BEIJING, Aug 17 (Reuters) – China carried out assault drills near Taiwan on Tuesday with warships and fighter jets exercising off the southwest and southeast of the island, in what the country’s armed forces said was as a response to “external interference” and “provocations”.
Taiwan, which Beijing claims as Chinese territory, has complained of repeated People’s Liberation Army (PLA) drills in its vicinity in the past two years or so, part of a pressure campaign to force the island to accept China’s sovereignty.
In a brief statement, the PLA’s Eastern Theatre Command said warships, anti-submarine aircraft and fighter jets had been dispatched close to Taiwan to carry out “joint fire assault and other drills using actual troops”.
It did not give details. There was no immediate response from Taiwan’s Defence Ministry.
The PLA statement noted that recently the United States and Taiwan have “repeatedly colluded in provocation and sent serious wrong signals, severely infringing upon China’s sovereignty, and severely undermining peace and stability in the Taiwan Strait”.

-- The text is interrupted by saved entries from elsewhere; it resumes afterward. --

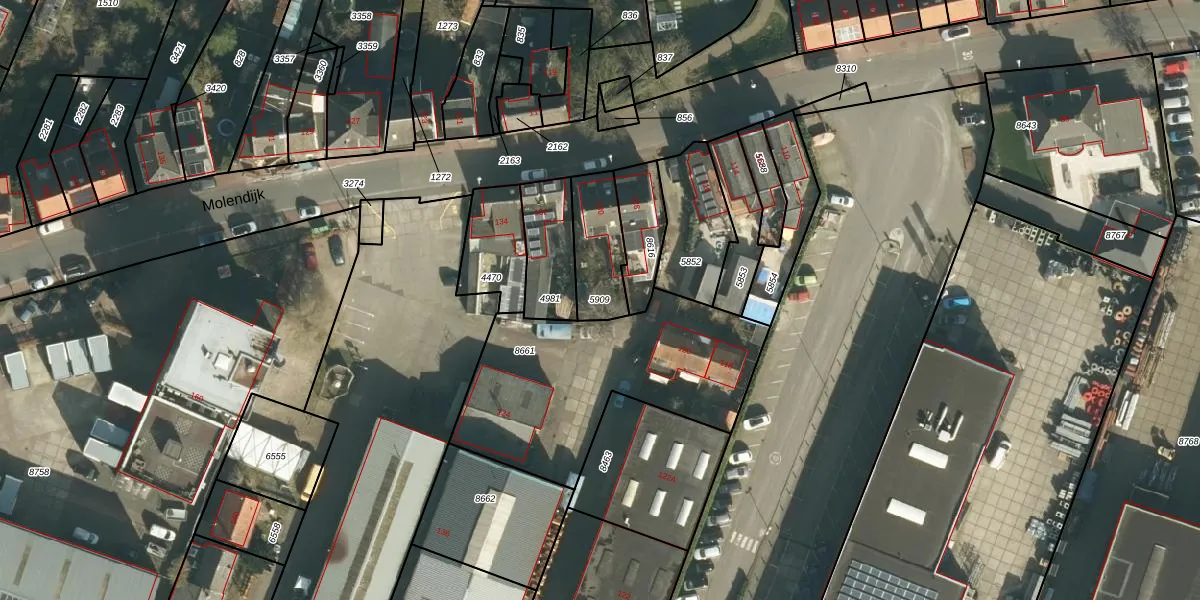 Gebruik de zoekbalk of klik op een perceel om informatie over het perceel te bekijken.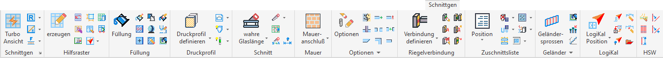 Werkzeugkasten oder Pulldown - Menü: Die Befehle der SCHNITTGENERIERUNG sind in dem gleichnamigen Werkzeugkasten in der Gruppe SYSCAD zu finden. Die Serienauswahl erfolgt über den ProfilSystemDialog beim gewählten Lieferanten.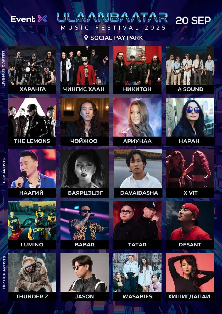 “Ulaanbaatar Music Festival 2025” – Улаанбаатар хотын түүхэнд анх удаа зохион байгуулагдаж буй хамгийн том задгай талбайн фестиваль Улаанбаатар хот том хотын статустай болсноос хойш анх удаа, олон улсын жишигт нийцсэн, ийм өргөн цар хүрээтэй “Ulaanbaatar Music Festival 2025” зохион байгуулагдах гэж байна. Энэхүү фестиваль нь зөвхөн нэг өдрийн тоглолт бус, цаашид жил бүр уламжлал болгон зохион байгуулагдах, Монголын хөгжмийн ертөнцийн хамгийн том наадам болох эхлэл юм. Тус фестиваль нь Монголын рок, поп, хип хоп, жазз болон амьд хөгжмийн шилдэг уран бүтээлчдийг нэгэн тайзнаа цуглуулж, дэлхийн хэмжээний хөгжмийн баярын уур амьсгалыг Улаанбаатар хотын зүрхэнд авчирч байна.
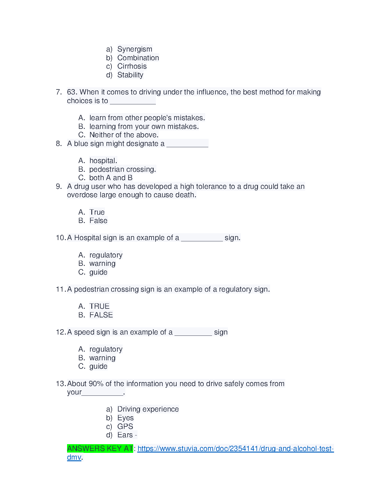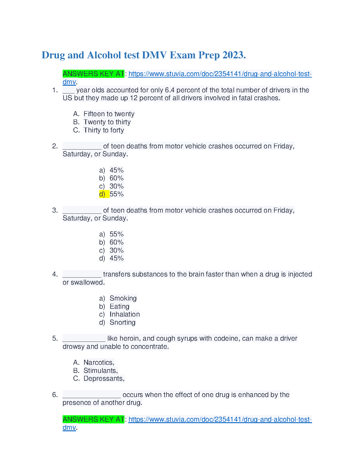 Struggling to prepare for the drug and alcohol section of your DMV exam? This comprehensive test bank is your key to success. Updated for the 2025/2026 academic year, it features a collection of the most frequently asked questions, complete with verified answers. Our expertly crafted resource covers all critical topics, including the effects of narcotics and depressants, statistics on teen driving incidents, and legal consequences. By studying with this guide, you'll build the confidence and knowledge needed to pass your DMV test with flying colors on your very first try. Stop worrying about resits and start your journey to getting your driver's license today!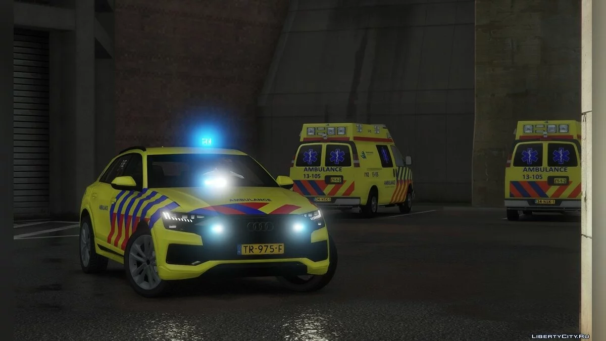 Audi q8 Ambulance [add-on, ELS] 1.1. Особенности модели: - Модель поддерживает основные функции игры; - Качественная 3D модель; - Проработанный салон; - Настроенная оптика....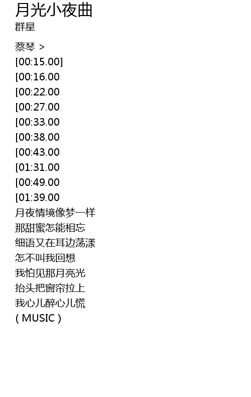 | [02:44.00][01:39.00][00:55.00] | 啊....月光 |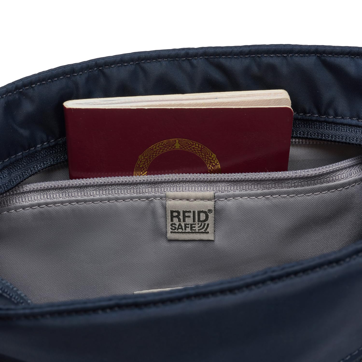 Stay organized and secure with its built-in RFID-blocking wallet featuring four card slots and a passport pocket, along with a spacious zipped RFID-blocking pocket for boarding passes or longer wallets.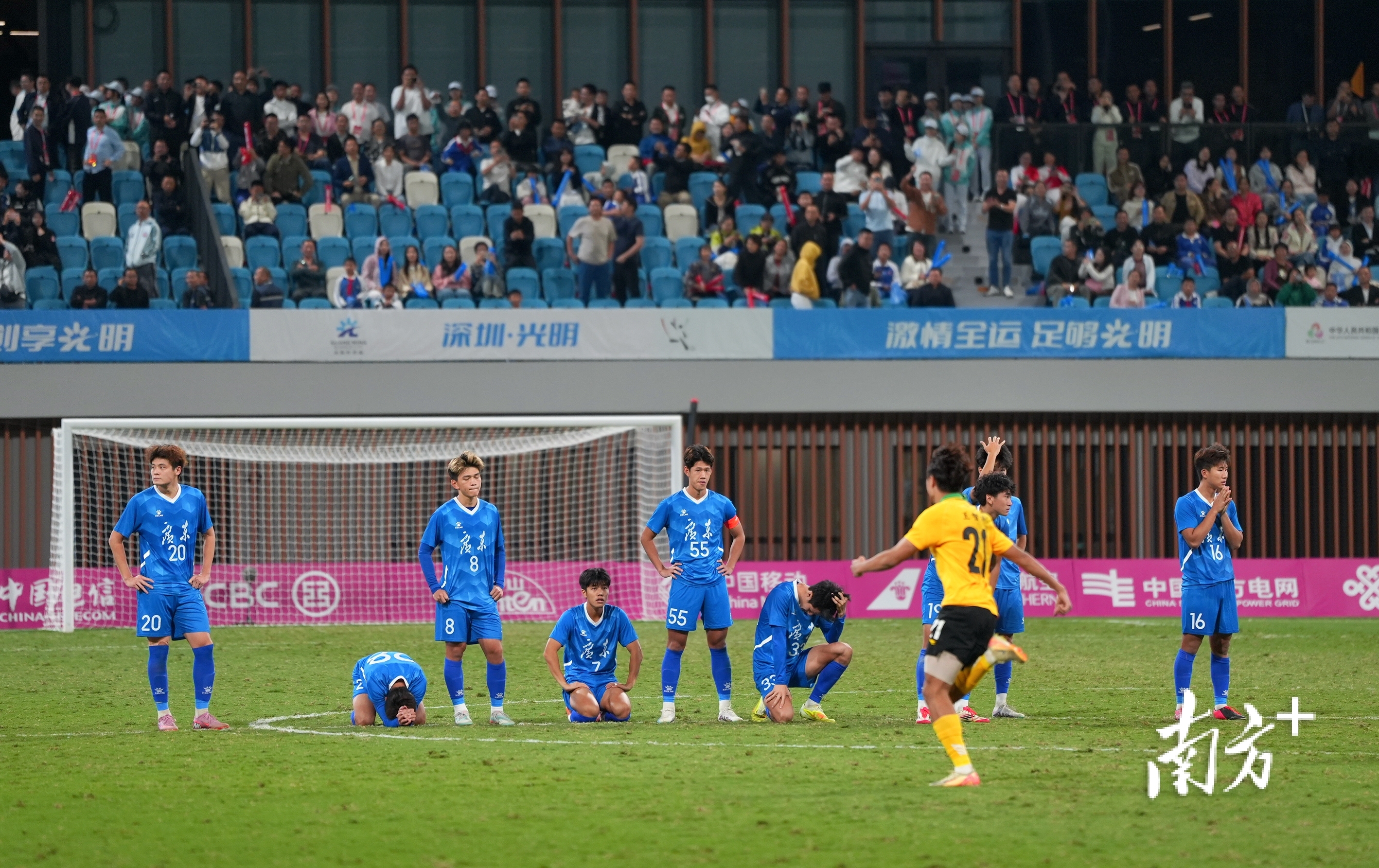 11月12日晚,全运会U20男子足球决赛在深圳打响,广东主场迎战湖北,双方鏖战120分钟,1-1打平进入点球大战。最终湖北队在点球大战中5-3战胜广东,广东队球员目视湖北队球员飞奔庆祝。王俊涛 摄

“This exercise is a necessary action based on the current security situation across the Taiwan Strait and the need to safeguard national sovereignty. It is a solemn response to external interference and provocations by Taiwan independence forces.”
While the statement gave no exact location for the drills, many Chinese exercises take place near the Taiwan-controlled Pratas Islands at the top part of the South China Sea, and around the Bashi Channel off southern Taiwan that leads to the Pacific.

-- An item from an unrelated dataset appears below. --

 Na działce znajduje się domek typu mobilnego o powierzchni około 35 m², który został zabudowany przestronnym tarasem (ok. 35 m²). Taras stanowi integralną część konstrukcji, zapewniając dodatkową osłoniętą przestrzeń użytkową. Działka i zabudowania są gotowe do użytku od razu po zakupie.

It was not immediately clear what set off the flurry of Chinese military activity, though earlier this month the United States approved a new arms sale package to Taiwan, an artillery system valued at up to $750 million. read more
China believes Taiwan President Tsai Ing-wen is a separatist bent on a formal declaration of independence, a red line for Beijing. Tsai said Taiwan is already an independent country called the Republic of China, its formal name.
Washington has expressed its concern about China’s pattern of intimidation in the region, including towards Taiwan, reiterating that U.S. commitment to Taiwan is “rock solid”.